Julie -- Thanks for pointing that out! The links are now all working correctly.


Those are all great tips. I'm actually getting myself back in the saddle as far as weight goes after too many years of heavy drinking and overeating and cessation of exercise. I know HOW to do it; I just have to implement it. Need to lose about 50 pounds.

I will say I have one thing down pat - I don't drink anything but water (or from time to time, tea or plain coffee). I'm lucky that I hate soda and processed juice drinks. Ew.

Great healthy recipes you have there too, thanks for linking them again!

 Medical Advice

thanks for all the information to us giving a idea to loose weight.and eating healthy food

Daniel @ Casual Kitchen

I do the most damage to my diet and my health when I eat mindlessly.

Therefore, I do as much as I can to make sure that I avoid that mindless mental state when I'm around food.
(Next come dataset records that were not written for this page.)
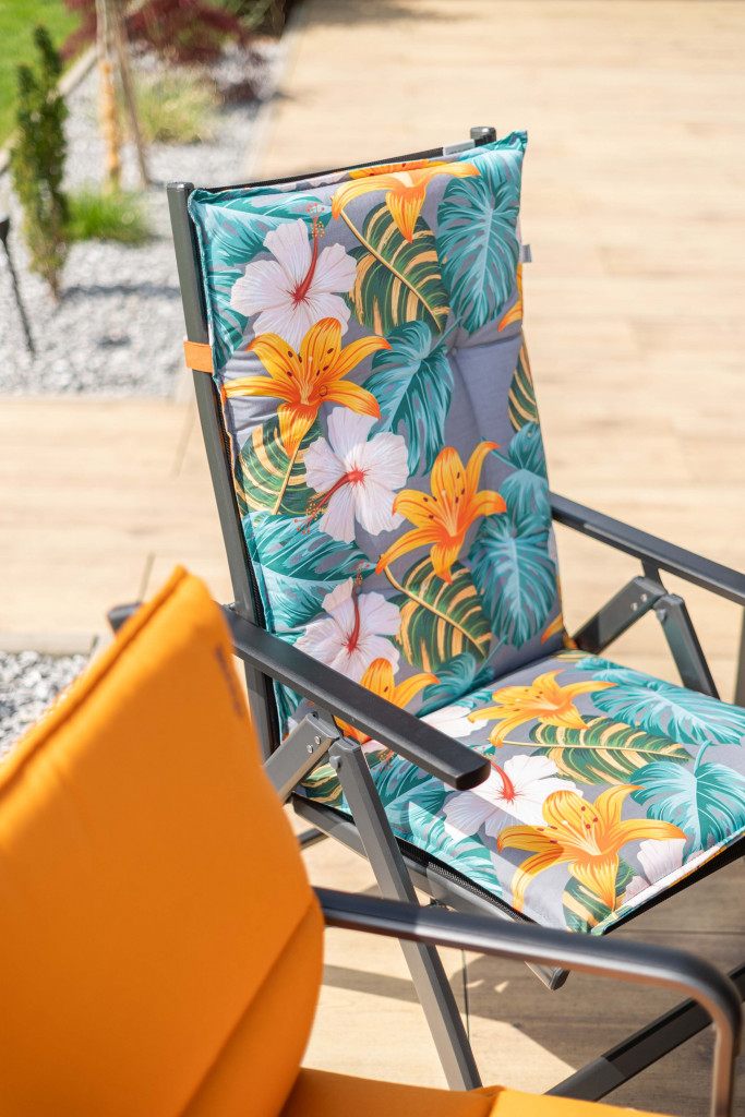 Polstr s vysokou opěrkou řady LIVING je v provedení s obšitým lemem, prošitý kroužkově 4x v opěradle. Uchycení je pomocí posuvné spony. Díky sponě si můžete nastavit velikost dle rozměru a druhu židle, spona je pevná a nevytahuje se. Upevnění sedáku je pomocí dvou tkaniček v ohybu polstru. Síla polstru je optimální pro všechny druhy židlí. Provedení je vhodné i do náročných podmínek kaváren, zahrádek a restaurací. Potah je nesnímatelný. Vyrobeno v České republice.
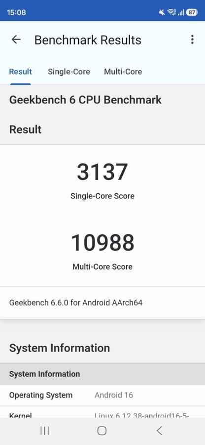 However, other benchmark scores were much better. In Antutu, it scored 3.1 million, which is great. In Geekbench 6, it scored 3,137 in single-core and crossed the 10,000 mark in multi-core score. In the 3DMark Wildlife Extreme test, it got an overall score of 7,201. Again, these are top-tier numbers that only a flagship phone in 2026 can achieve.
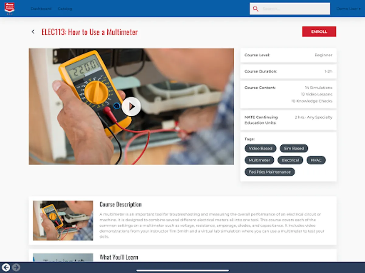 Amana Brand is an online, on-demand learning experience platform delivering a growing catalog of courses for the skilled trades industry. Get the training you need to reach that next level in HVAC, Plumbing, and Electrical. Plus, our catalog keeps growing. You’ll find hundreds of hours of training including video and scenario-based exercises across different equipment types. Hone your skills and be ready for whatever the real world throws at you.
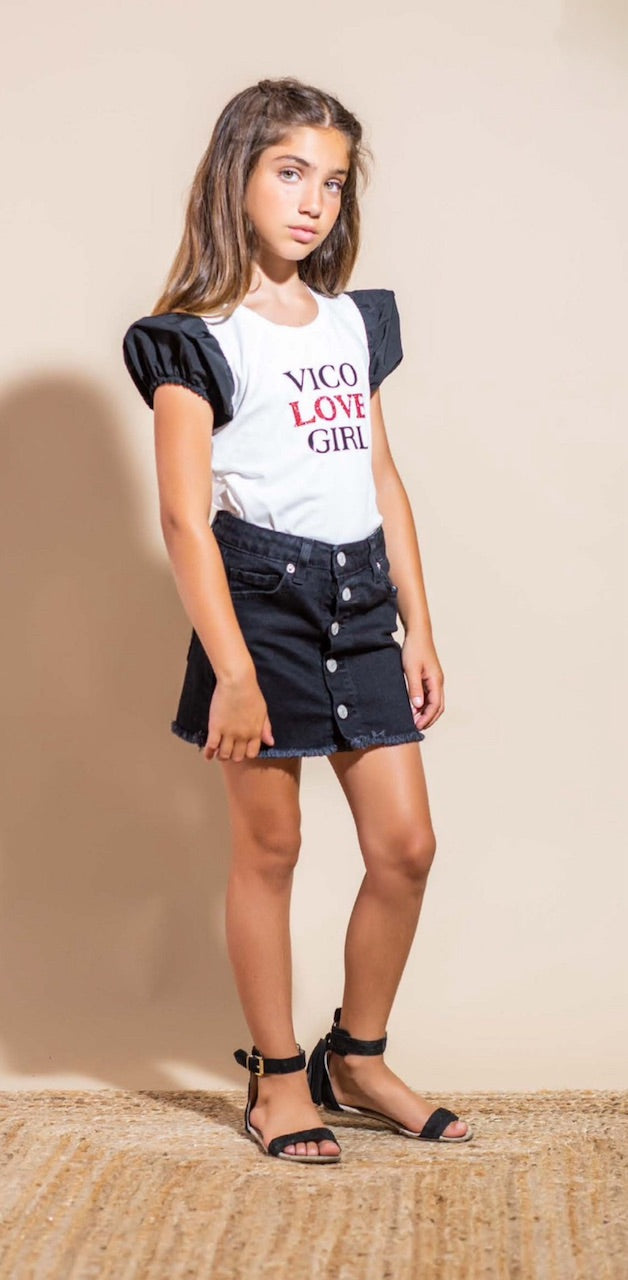 Minigonna in jeans Bambina Vicolo. con bottoni frontali e orlo sfrangiato, 5 tasche. omposizione 98% cotone e 2% elastan. Colore Nero. Taglie 4 anni, 6 anni.
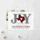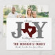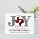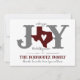 Desejar alegria para amigos e família do tamanho do Texas nesta temporada de férias é fácil com este design. O "O" de alegria é substituído pela forma do Texas com um coração cortado do centro. Letra no estilo ocidental em conjunto com texto escrito à mão. Personalize a frente com seus nomes familiares e as costas com sua foto favorita. Design permite que você escolha suas próprias cores. Vem em vermelho, verde, azul, lavanda, aqua, marrom, laranja queimado, ouro e prata. Produtos correspondentes disponíveis.
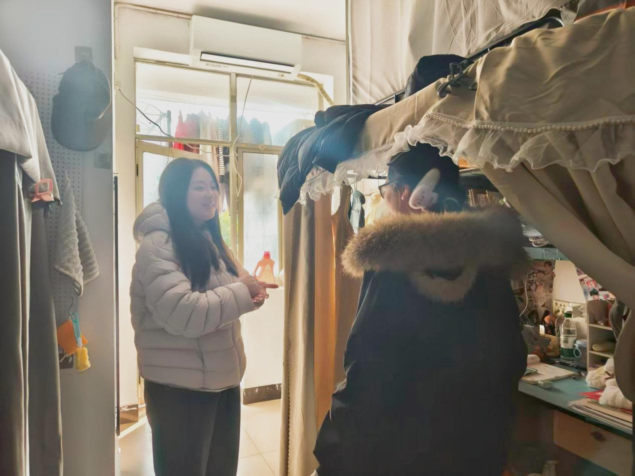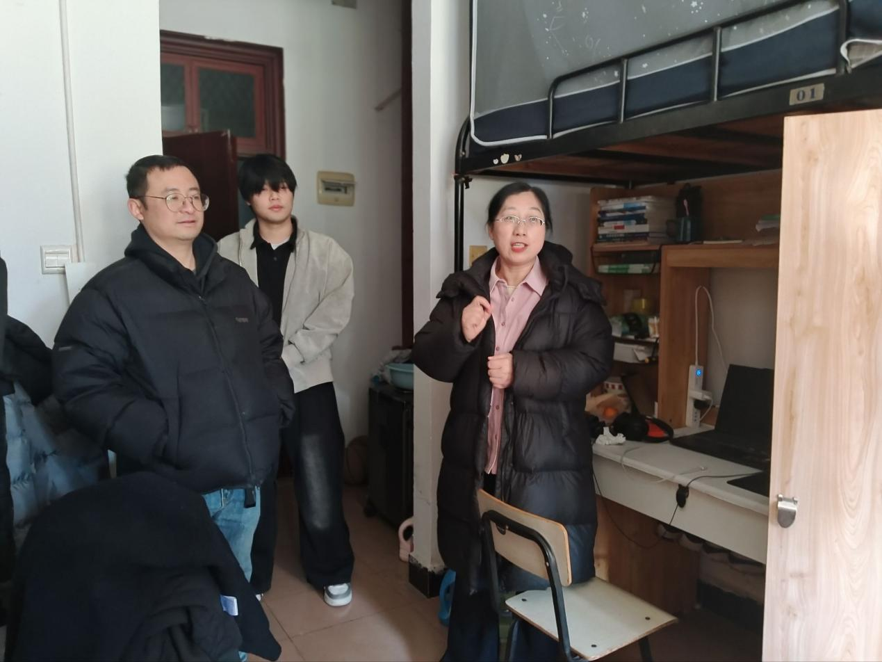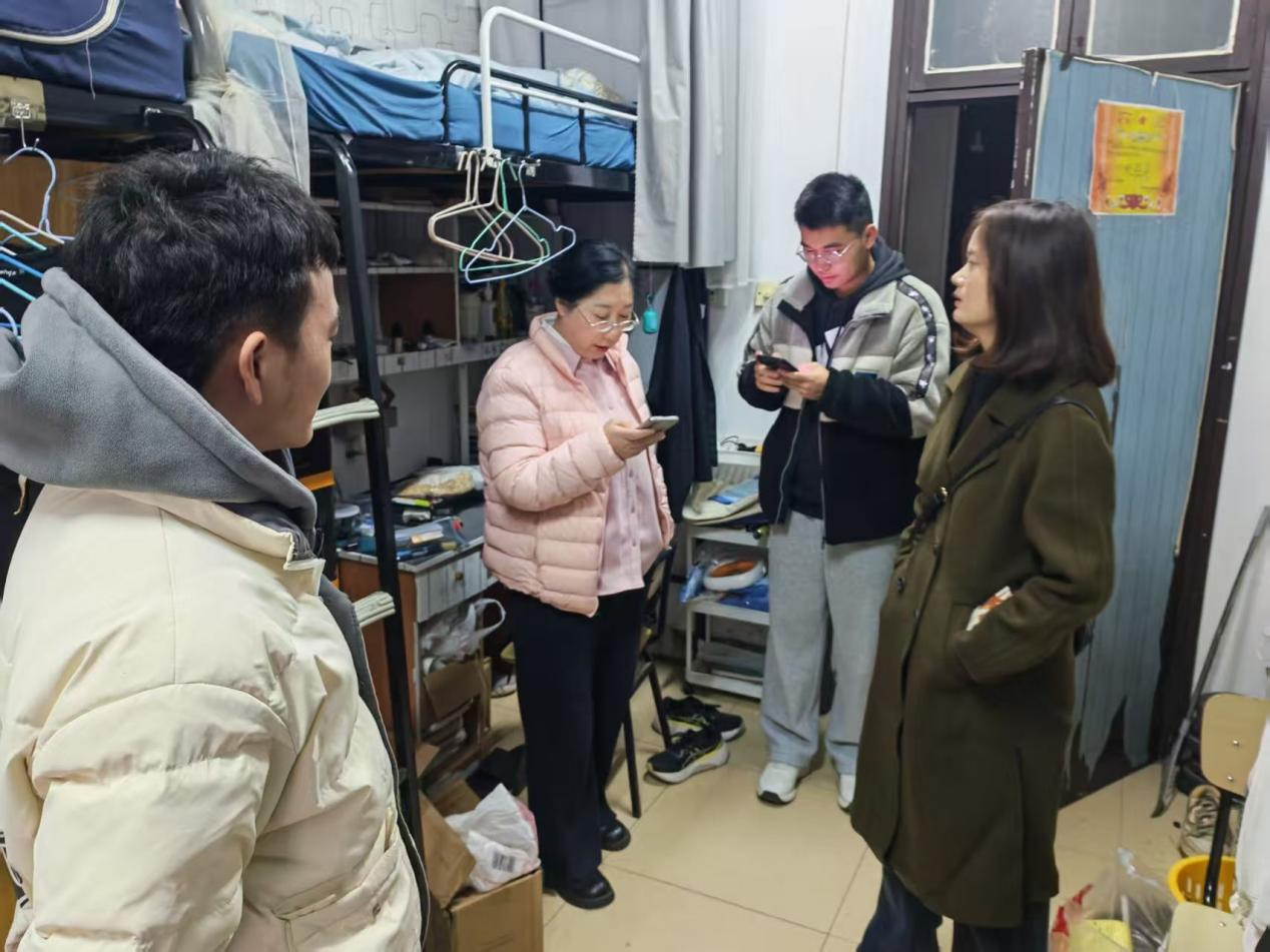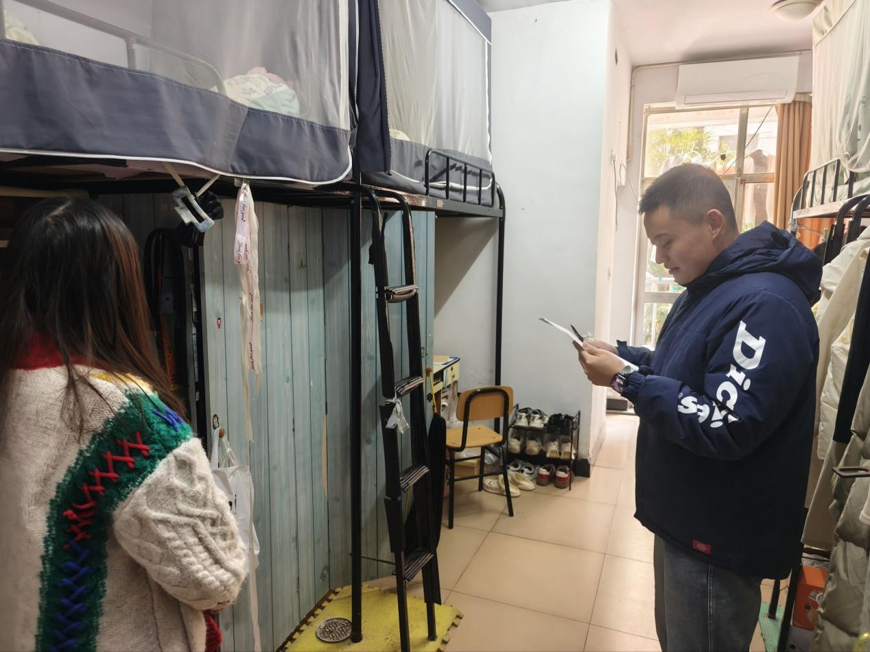 走访过程中,老师们详细询问学生期末备考进度与心理状态,叮嘱大家合理规划时间、劳逸结合,以良好心态迎接考试。同时,重点开展消防安全排查,严查违规使用大功率电器、私拉乱接电线等隐患;针对电信网络诈骗高发态势,结合典型案例警示学生提高警惕。此外,还细致叮嘱寒假离校注意事项,强调关闭电源、锁好门窗、妥善保管财物及出行安全等要点。

That means not having junk food around the house, concentrating on my food when I'm eating, eating slowly and carefully and in general experiencing the process of eating more deeply.

Those steps may not seem like they're all that significant, but collectively they've made an enormous impact on the quality of my diet.

Thanks for another though-provoking post Julia!

Casual Kitchen

T.W. Barritt at Culinary Types

All great guidelines - count my vote for fiber and water as well. Water is my drink of choice, and I try to incorporate grains and fiber into vegetable dishes whenever I can.

Julia K


Thanks for a helpful article. I think your strategy of keeping only health supporting snacks in the pantry at home is a very good tactic. I joined Weight Watchers last year and have lost and kept off about 20 pounds through the program. I love that they have an online tool that easily tracks my food, weight loss milestones, exercise, etc as well as fantastic articles, recipes and tips. Their program allows you to eat what you want, but educates on the impact of those decisions.

I cook mostly vegetarian and make sure my plate has at least 1/2 veggies & 1/4 whole grains (sometimes it's a one pot meal w/these proportions). I've started eating more of what Weight Watchers call filling foods (high fiber, low calorie, and lower fats). Some examples are whole grains (bulgur is an especially filling & tasty ingredient), fruits (I eat a ton of watermelon, strawberries, stone fruits, what ever is in season), vegetables (I snack on jicama, baby carrot, snap peas), and lots of beans and other high fiber proteins.

The other big change that I made is to bring exercise back into my weekly routine. I'm training for a sprint triathlon and have found that milestone is a great motivator to get me out and active!